In a triumph of PR right up there with suggesting that Intel executives ever badgered Microsoft executives into doing anything, IBM this week introduced a new generation of mainframe computers. The IBM System z10 is smaller, faster, cooler, has more memory, more storage — more of everything in fact — and all that is crammed into less of everything than was the case with the z9 machine it replaces. Touted as more of a super-duper virtualization server than traditional big iron, the only problem with the z10 is that every bit of its superior performance can be easily attributed to Moore’s Law. The darned thing actually should be faster than it is. There’s a mainframe revolution going on all right, but it’s not at IBM. The real mainframe revolt is taking place inside your generic Linux box, as well as at an outfit called Azul Systems.

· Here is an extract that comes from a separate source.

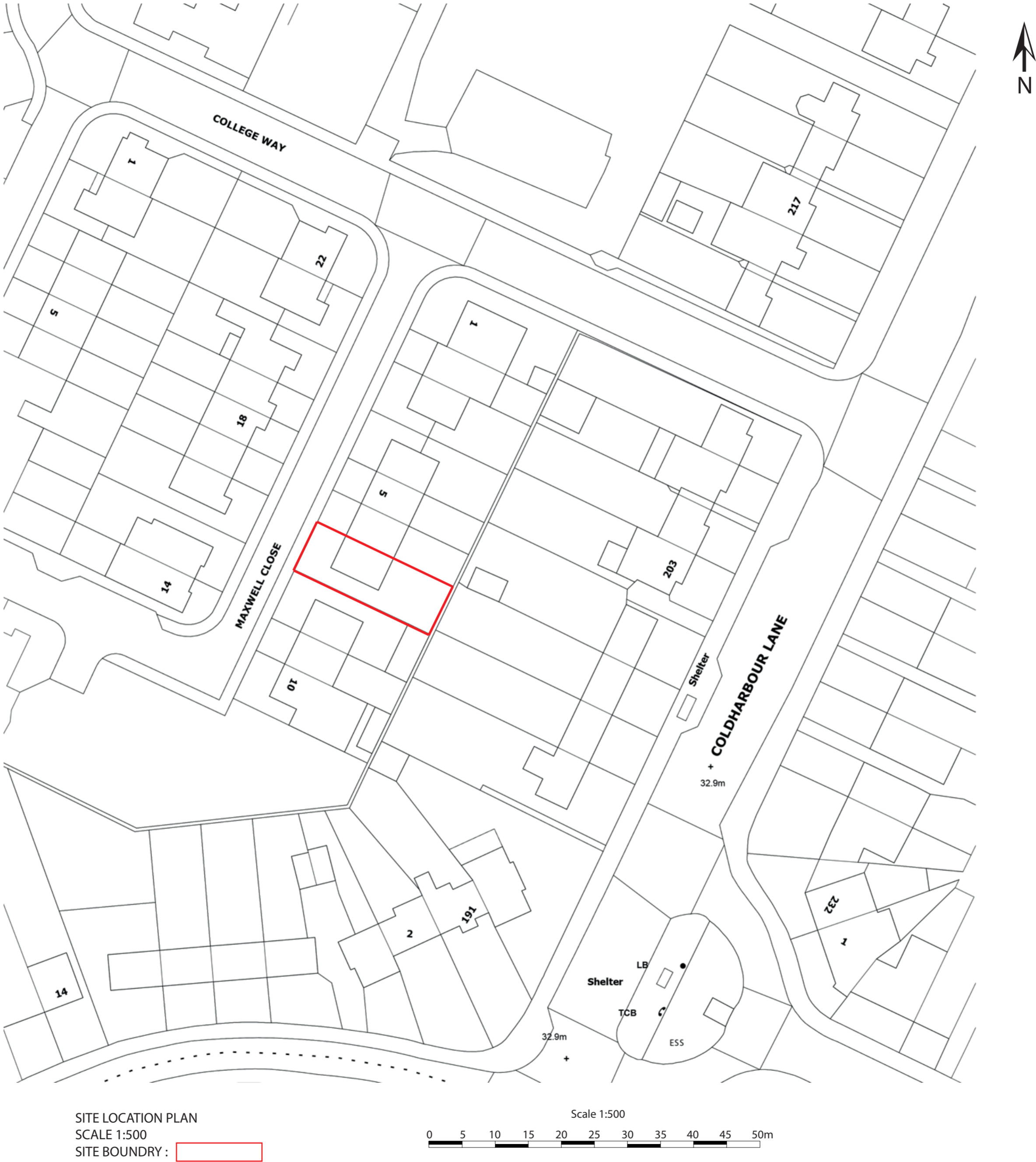
SITE LOCATION PLAN SCALE 1:500 SITE BOUNDRY :

I’m perfectly happy for IBM to introduce a great new mainframe computer. It’s just that the 85 percent faster, 85 percent smaller and a little bit cheaper z10 is coming three years after the z9, and Moore’s Law says sister machines that far apart ought to be 200 percent faster, not 85 percent — a fact that IBM managed to ignore while touting the new machine’s unsubstantiated equivalence to 1,500 Intel single-processor servers.

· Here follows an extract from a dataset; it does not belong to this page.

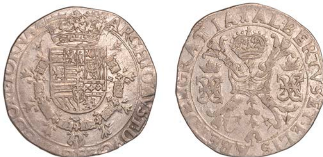
575 Albert and Isabella , Patagon, c. 1612-21, Tournai, 28.12g (KM. 31). Weakly struck but otherwise very fine

Where were the hard questions? Did anyone do the math? The tricked-out z10 that’s the supposed equivalent of 1,500 beige boxes costs close to $20 million, which works out to $13,333 per beige box — hardly a cost savings. Even taking into account the data center space savings, power savings, and possibly (far from guaranteed) savings on administration, the z10 really isn’t much of a deal unless you use it for one thing and one thing only — replacing a z9.

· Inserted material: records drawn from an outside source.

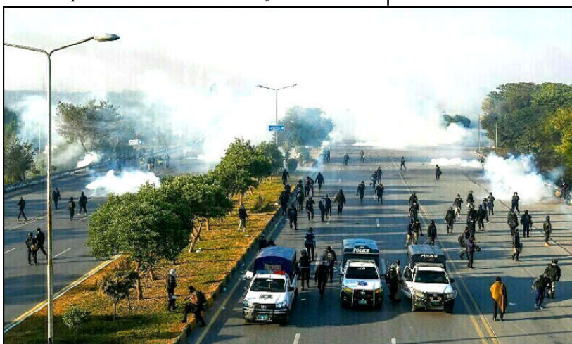
ISLAMABAD: A view of tear gas smoke raise after clash between police and PTI protesters in capital city.

"With profound grief, I extend my condolences to the families of the martyred personnel and pray for the swift recovery of the injured.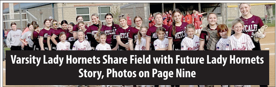
Varsity Lady Hornets Share Field with Future Lady Hornets Story, Photos on Page Nine

SUBSCRIBE TO YOUR TRUSTED NEWS & INFORMATION SUBSCRIBE TO THE HERALD-NEWS 270.432.3291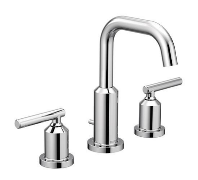
Moen Widespread Faucet Chrome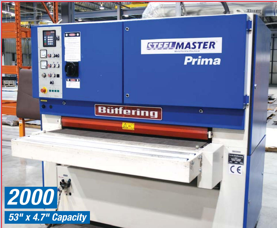
BUTTERING / STEEL MASTER MODEL PRIMA 2-KB-13, DUAL HEAD, 53" WIDE BELT SANDER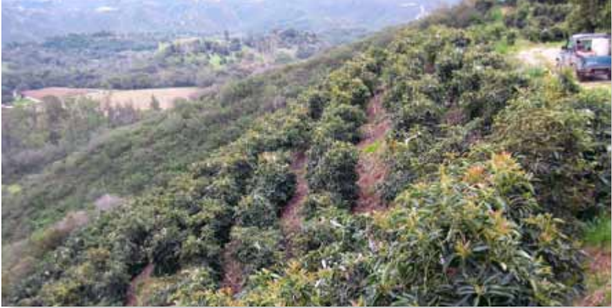
Figure 5: Lamb Hass at 2.25 x 2.25 m in California 2002

increase the efficiency and safety of workers, and to lower costs (Fig. 5). This system also proved to be more precocious and productive. The idea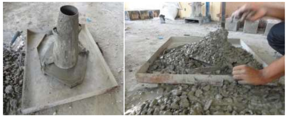
Fig: 2 Slump cone and collapse of concrete after lifting.

The workability of the fresh concrete is a composite property. IS: 6461 (Part-VII) - 1976 defines workability as the property of freshly mixed concrete which determines the ease and homogeneity with which it can be mixed, placed, compacted and finished. According to the IS 1199-1960, workability of fresh concrete has been performed. Workability of concrete can also depend on the type structure, thickness of structural and place of casting.

So the newfangled mainframe is really just an oldfangled mainframe after all, which I am sure is comforting for folks who like to buy oldfangled mainframes.
But those sketchily described IBM benchmarks are, themselves, dubious. IBM never fully explains its own benchmarks nor does it even allow others to benchmark IBM mainframe computers. So nobody really knows how fast the z10 is or how many Intel boxes it can replace if those boxes are actually DOING something.
Remember the stories folks like me wrote a few years back about an earlier IBM mainframe running 40,000+ instances of SUSE Linux under VM on one machine? I wonder how many of those 40,000 parallel Linux images were simultaneously running Doom? My guess is none were.
Far more interesting to me is the vastly increasing utility of Linux as what I would consider a mainframe-equivalent operating system, primarily due to the open source OS’s newfound skill with multiple threads that goes a long way toward making efficient use of those multi-core processors we all are so excited to buy yet barely use.
As I wrote a few weeks ago in a column on semiconductor voltage leakage of all things, all this multi-core stuff is really about keeping benchmark performance up while keeping clock speeds down so the CPUs don’t overheat. Unlike the benchmark programs, most desktop applications still run on a single processor core and have no good way to take efficient advantage of this extra oomph.
But that’s changing. Linux used to be especially bad at dealing with multiple program threads for example — so bad the rule of thumb was it simply wasn’t worth even trying under most conditions. But that was with the archaic Linux 2.4 kernel. Now we have Linux 2.6 and a new library called NPTL or Native POSIX Thread Library to change all that.
NPTL has been in the enterprise versions of Red Hat Linux for a while, but now it is here for the rest of us, too. With NPTL, hundreds of thousands of threads on one machine are now very possible. And where it used to be an issue when many threads competed for data structures (think about 1,000 threads all trying to update a hash table), we now have data structures where no thread waits for any other. In fact, if one thread gets swapped out before it’s done doing the update, the next thread detects this and helps finish the job.
The upshot is superior performance IF applications are prepared to take advantage.
“My e-mail application runs on a four-core Opteron server,” says a techie friend of mine, “but I’ve seen it have over 4,000 simultaneous connections - 4,000 separate threads (where I’m using “thread” to describe a lightweight process) competing for those four CPU’s. And looking at the stats, my CPUs are running under five percent almost all the time. This stuff really has come a long way.”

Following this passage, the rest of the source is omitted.